Effects of Kidney Failure on Body SystemsBy Laminate Medical
Kidney failure is generally a multi-organ health issue, with a variety of cross effects on different body systems.
The Blood System
Damaged kidneys slow the production of the hormone erythropoietin, resulting in anemia and iron deficiency. Anemia may cause irritability, tiredness, shortness of breath, dizziness and if untreated may cause heart failure and organ failure. Most people with end stage renal failure will suffer from anemia. Anemia may be treated by taking supplements, red cell blood transfusions and adherence to an iron rich diet.
The Cardio-Vascular System
Kidney failure raises the risk of cardiovascular problems, and subsequently – the risk of heart attacks and strokes. Kidney failure affects the heart in several ways:
- Fluid builds up around the lungs, heart and other body tissue, over-taxing the heart and causing a rise in blood pressure.
- Impaired kidney function causes a buildup of urea (a by-product of dietary protein). High levels of urea (called uremia) are toxic, and cause inflammation of the pericardium.

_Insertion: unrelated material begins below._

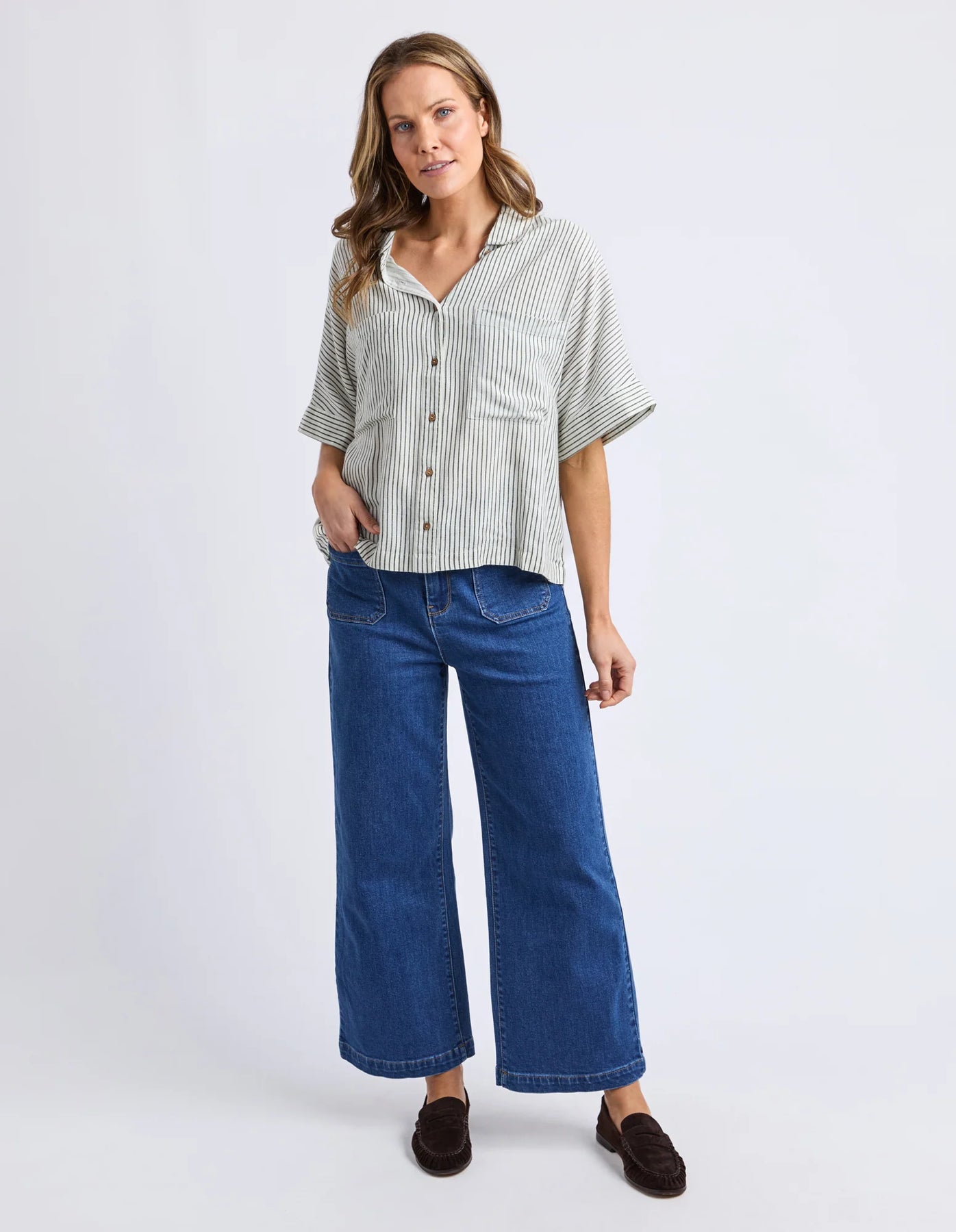 The Elm Ruth Short Sleeve Shirt is a lightweight everyday piece featuring a printed stripe and relaxed fit. Designed with front pockets and crafted from a breathable viscose-linen blend, it’s perfect for warm-weather wear. Style with relaxed pants or shorts for effortless daywear.

- Kidney disease may result in a buildup of fluid and salt and an over creation of renin, causing hypertension and atherosclerosis and damaging the blood vessels.
Heart disease is the leading cause of death in ESRD, and heart function should be monitored regularly, excess fluid drained and preventative care taken.
The Integumentary System (Skin)
The kidneys inability to balance levels of blood minerals such as calcium and phosphorus affects and harms the body’s integumentary system.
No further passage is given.